- [ABOUT THIS TASK]:
Without including any images, repeat the listing below exactly.

- [DATASET EXTRACT]:
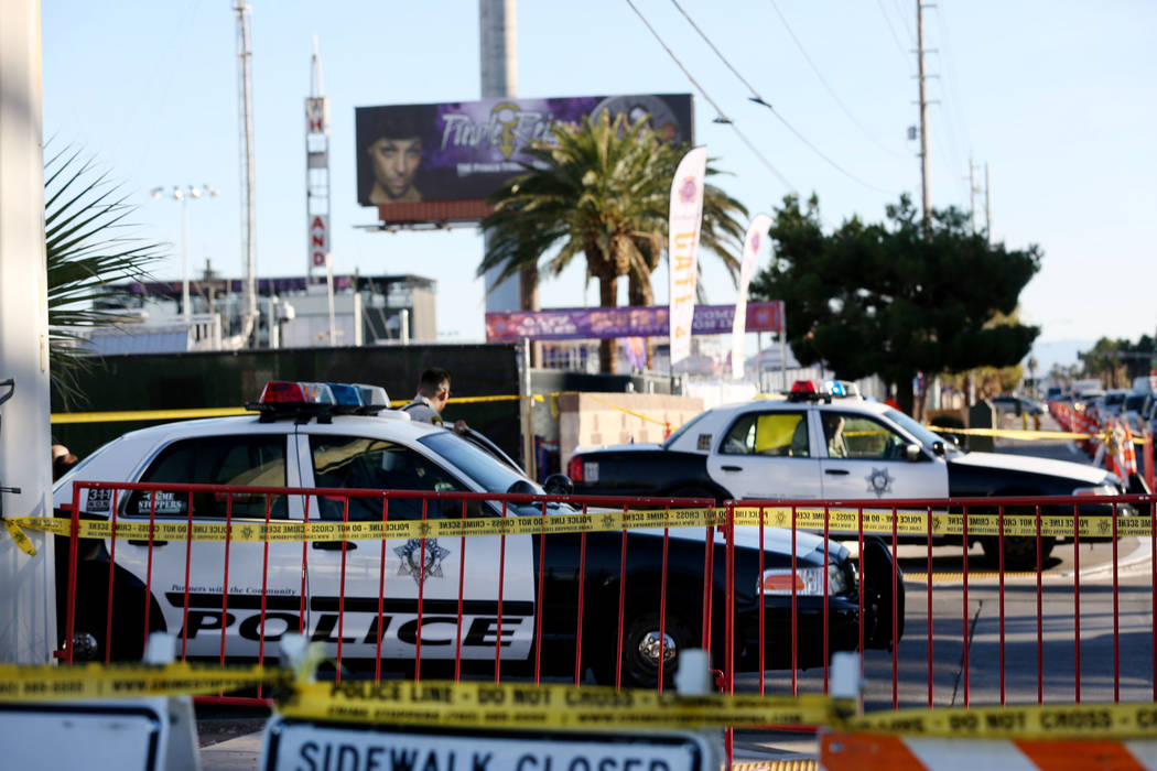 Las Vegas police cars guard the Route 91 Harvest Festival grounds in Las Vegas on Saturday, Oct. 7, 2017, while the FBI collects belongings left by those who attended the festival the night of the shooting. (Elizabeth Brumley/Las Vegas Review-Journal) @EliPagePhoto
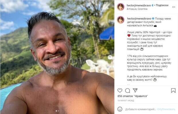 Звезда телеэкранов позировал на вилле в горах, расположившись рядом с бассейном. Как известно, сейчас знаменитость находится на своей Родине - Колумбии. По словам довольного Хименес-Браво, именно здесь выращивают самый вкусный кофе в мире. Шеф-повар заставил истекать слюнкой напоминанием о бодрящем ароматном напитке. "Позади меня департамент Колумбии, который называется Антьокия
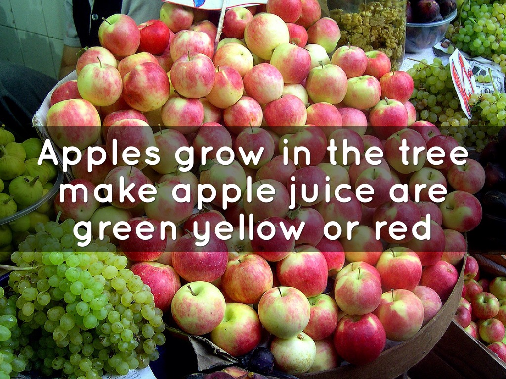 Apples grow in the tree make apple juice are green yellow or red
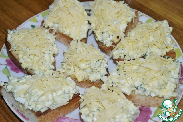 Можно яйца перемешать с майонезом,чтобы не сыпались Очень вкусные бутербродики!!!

- [YOUR SOLUTION]:
 Las Vegas police cars guard the Route 91 Harvest Festival grounds in Las Vegas on Saturday, Oct. 7, 2017, while the FBI collects belongings left by those who attended the festival the night of the shooting. (Elizabeth Brumley/Las Vegas Review-Journal) @EliPagePhoto
 Звезда телеэкранов позировал на вилле в горах, расположившись рядом с бассейном. Как известно, сейчас знаменитость находится на своей Родине - Колумбии. По словам довольного Хименес-Браво, именно здесь выращивают самый вкусный кофе в мире. Шеф-повар заставил истекать слюнкой напоминанием о бодрящем ароматном напитке. "Позади меня департамент Колумбии, который называется Антьокия
 Apples grow in the tree make apple juice are green yellow or red
 Можно яйца перемешать с майонезом,чтобы не сыпались Очень вкусные бутербродики!!!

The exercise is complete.